In endeavoring to interpret Gods dealings with us, we must be careful to distinguish the various dispensations. It is impossible to understand the Bible correctly if we fail to do this. One of the Patristic Fathers is accredited with this saying, which constitutes one of the golden rules of interpretation: “Distinguish the ages and the Scriptures will harmonize.” An up-to-date version of this saying has been expressed as follows, “Distinguish the dispensations, and the difficulties will disappear.” In Gods dealings with mankind, His calendar is divided into ages, or dispensations.

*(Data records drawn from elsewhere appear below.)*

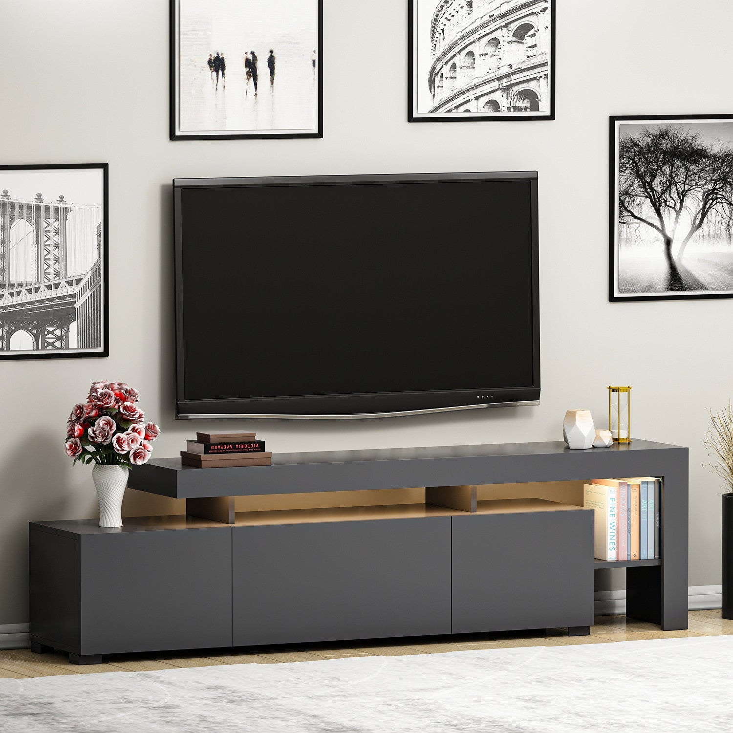 A számos polccal és egy tágas tv-polccal ez az állvány boséges tárolási lehetoséget biztosít a médiaszükségleteknek. A pvc szegélyléc kifinomult hatást kölcsönöz, miközben megvédi az állványt a kopástól és az elhasználódástól. Ezenkívül a kialakításban szereplo ledes fények magával ragadó hangulatot teremtenek, fokozva a nézés élményét.
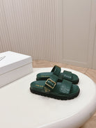 PRA CROCODILE MOTIF SLIDES SANDALS CASTLETON GREEN CALFSKIN
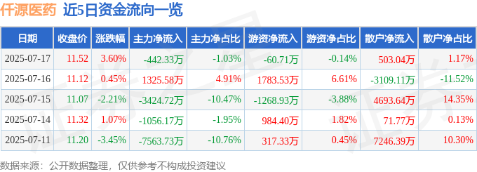 证券之星消息,截至2025年7月17日收盘,仟源医药(300254)报收于11.52元,上涨3.6%,换手率16.76%,成交量37.72万手,成交额4.3亿元。
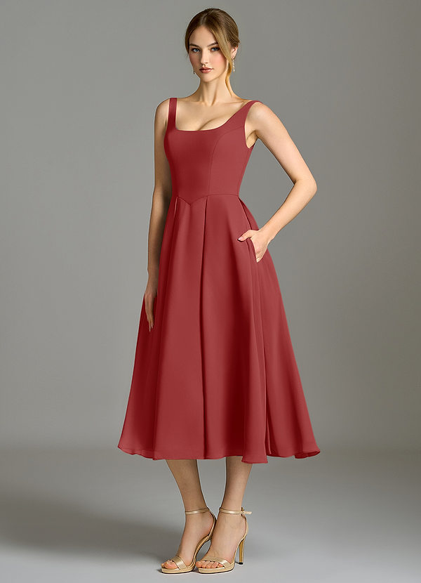 Rust A-Line Sweetheart Neckline Chiffon Dress

A dispensation has been defined as “a period of time during which man is tested in respect of obedience to some specific revelation of the will of God.” Just as a farmer treats his field differently in spring and autumn, so too God has dealt with men in different ways during particular epochs in history. Each scripture must, therefore, be interpreted in accordance with the particular dispensation to which it refers.

C. Discerning The Things That Differ

In Philippians 1:10, Pauls prayer for the saints at Philippi expresses this very truth – that they might “discern the things that differ” (marginal reading). This is very important and, if constantly kept in mind as we read, will be a real help to Bible study. For example, we must discern the difference between the Kingdom of God and the Church of God. As we read carefully, we will learn that there are things the Scriptures say about both subjects, and things about each separately. The means of entrance into the Kingdom and into the Church is the same – by regeneration. On the other hand, there are things which are peculiar to the Church which do not apply to the Kingdom. The Church is Gods dwelling place on earth, while the Kingdom is the sphere of Gods rule. The Kingdom is much wider in scope than the Church. It existed before the Church began, and will continue after the Church has been completed.

We must discern the differences in the various judgments of God. We read of Gods judgment of sin at Calvary and at the Great White Throne. We read of His judgment of believers, now on earth as sons, and later at the Judgment Seat of Christ as servants. We must differentiate between the two great resurrections – the resurrection of the just, and the resurrection of the unjust. We must discern the difference between the believers standing before God, and his state in the world; between his old nature and his new nature; between his privileges as a priest inside the veil, and as a stranger outside the camp. The challenge often lies in the fact that these differences are in close proximity within the same verse or paragraph. All this demands spiritual discernment and intelligence that can only be obtained through prayer and dependence upon the Holy Spirit.